面向量产VLA方案!FastDriveVLA:即插即用剪枝模块,推理加速近4倍(北大&小鹏)
自动驾驶之心· 2025-08-04 23:33
Core Viewpoint - The article discusses the development of FastDriveVLA, a novel framework for visual token pruning in autonomous driving, achieving a 50% compression rate while maintaining 97.3% performance [2][3][43]. Group 1: End-to-End Autonomous Driving - Recent advancements in end-to-end autonomous driving research have led to the adoption of end-to-end methods that complete perception to planning in a single model, reducing information loss between modules [3]. - The introduction of Visual-Language-Action (VLA) models enhances decision-making in complex scenarios, making them increasingly popular in autonomous driving systems [3][10]. Group 2: Visual Token Pruning - Existing VLM/VLA models encode images into numerous visual tokens, resulting in high computational costs.

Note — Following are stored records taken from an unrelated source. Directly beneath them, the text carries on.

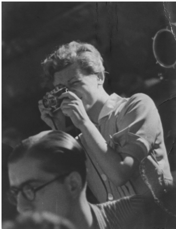
Foto de Gerda Taro, utilizada a modo de montaje en las secuencias 2, 3, 8 y 17.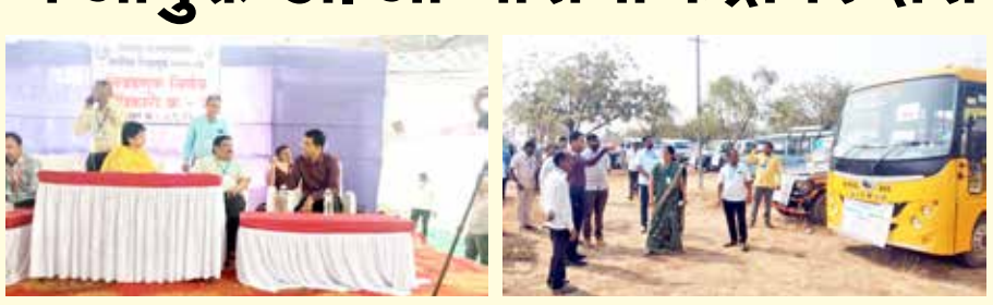
शासकीय तंत्रनिकेतन या ठिकाणी उभाण्यात आलेल्या मतदान यंत्र (ईव्हीएम) वितरण केंद्रांना भेट देण्यात आली. यावेळी स्ट्रॉंगरूम, निवडणूक साहित्य वितरण प्रक्रिया तसेच सुरक्षाव्यवस्थेची तपासणी करण्यात आली. मतदान प्रक्रिया पारदर्शक, सुरक्षित आणि शांततेत पार पडावी यासाठी करण्यात आलेल्या नियोजनाबाबत संबंधित अधिकार्यांकडून सविस्तर माहिती घेण्यात आली. उद्या होणाऱ्या मतदानासाठी आज शहरातील सर्व सात निवडणूक निर्णय अधिकारी (पान 2 वर..)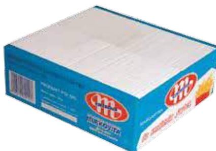
Tłuszcz roślinny do smażenia frytek 5 kg Vegetable fat to fry french fries 5 kg Жир растительный для картофеля фри 5 кг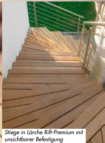
Stiege in Lärche Rift-Premium mit unsichtbarer Befestigung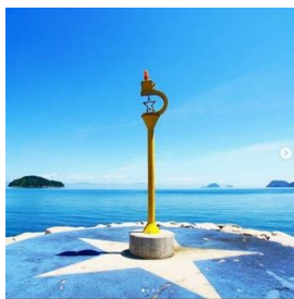
星のビーチ(周防大島町)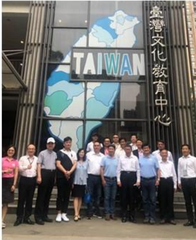
柯市長與校長、主任及臺商家長們的合照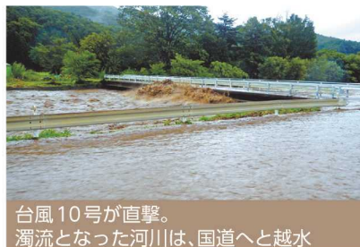
台風10号が直撃。濁流となった河川は、国道へと越水

東日本大震災(平成23年3月)や台風10号(平成29年8月)は、本市にも甚大な被害を及ぼしました。市では、防災訓練(9月上旬)や防災研修会(随時)などを実施しています。災害から命・財産を守るため、ハザードマップ等を活用しながら、実際の避難行動を確認しましょう。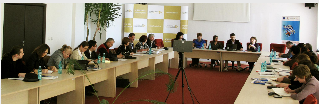
La seminarul organizat la sediul central al ADR Sud Muntenia au participat echipele de implementare a proiectelor finanțate din fonduri Regio

Current research explores two main directions for visual token pruning: attention mechanism-based methods and similarity-based methods [4][14]. - FastDriveVLA proposes a reconstruction-based visual token pruning framework that focuses on retaining tokens related to foreground information, significantly reducing computational costs while maintaining performance [5][13]. Group 3: FastDriveVLA Framework - FastDriveVLA includes a plug-and-play pruner called ReconPruner, trained using a pixel reconstruction task to focus on foreground areas and assign higher significance scores to key tokens [6][17]. - The framework utilizes a large-scale dataset, nuScenes-FG, containing 241,000 image-mask pairs for training, enhancing the model's ability to distinguish between foreground and background [6][12]. Group 4: Experimental Results - FastDriveVLA achieved state-of-the-art results on the nuScenes closed-loop planning benchmark, demonstrating its effectiveness and practicality [13][34]. - The framework shows superior performance compared to existing methods, with improvements in L2 error and collision rates at various pruning ratios [30][34]. Group 5: Efficiency Analysis - FastDriveVLA significantly reduces FLOPs by approximately 7.5 times and decreases prefill and decode latencies, enhancing inference efficiency for real-time deployment [36][40]. - The lightweight design of ReconPruner allows for lower CUDA latency compared to several similar methods, making it suitable for practical applications [36][40].